Kayou 15 hours ago [ - ]

Wait, the Q4 quantization which is more than 20GB fits in your 16GB GPU ? I didn't know that was possible, I was always restricting myself to smaller model than the VRAM I had

Maxious 14 hours ago [ - ]

Yep. These Mixture of Experts models are well suited for paging in only the relevant data for a certain task https://huggingface.co/blog/moe

There's some experiments of just removing or merging experts post training to shrink models even more https://bknyaz.github.io/blog/2026/moe/

vlovich123 7 hours ago [ - ]

MoE is not suited for paging because it’s essentially a random expert per token. It only improves throughput because you reduce the memory bandwidth requirements for generating a token since 1/n of the weights are accessed per token (but a different 1/n on each loop).

Now shrinking them sure, but I’ve seen nothing that indicates you can just page weights in and out without cratering your performance like you would with a non MoE model

FuckButtons 6 hours ago [ - ]

Not entirely true, it’s random access within the relevant subset of experts and since concepts are clustered you actually have a much higher probability of repeatedly accessing the same subset of experts more frequently.

bee_rider 9 hours ago [ - ]

That blog post was super interesting. It is neat that he can select experts and control the routing in the model—not having played with the models in detail, tended to assume the “mixing” in mixture of experts was more like a blender, haha. The models are still quite lumpy I guess!

segmondy 15 hours ago [ - ]

llama.cpp is designed for partial offloading, the most important part of the model will be loaded into the GPU and the rest on system ram. I run 500B+ models such as DeepSeek/KimiK2.5/GLM-5 without having that much GPU vram.

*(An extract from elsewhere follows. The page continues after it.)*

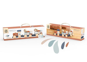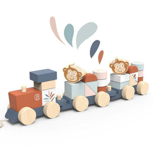 Treno da trainare in legno con blocchi colorati da impilare, dipinto con colori tenui e con due simpatiche scimmiette. Il tuo piccolo si divertirà per ore, impilando elementi sul treno e costruendo case con blocchi colorati. Una volta che tutti sono a bordo, tchu tchu parte per una nuova avventura!

Koffiepoeder 13 hours ago [ - ]

The A3B part in the name stands for `Active 3B`, so for the inference jobs a core 3B is used in conjunction with another subpart of the model, based on the task (MoE, mixture of experts). If you use these models mostly for related/similar tasks, that means you can make do with a lot less than the 35B params in active RAM. These models are therefore also sometimes called sparse models.

nurettin 13 hours ago [ - ]

This is why they say "A3B" meaning only 3B is active at a time, limiting VRAM usage.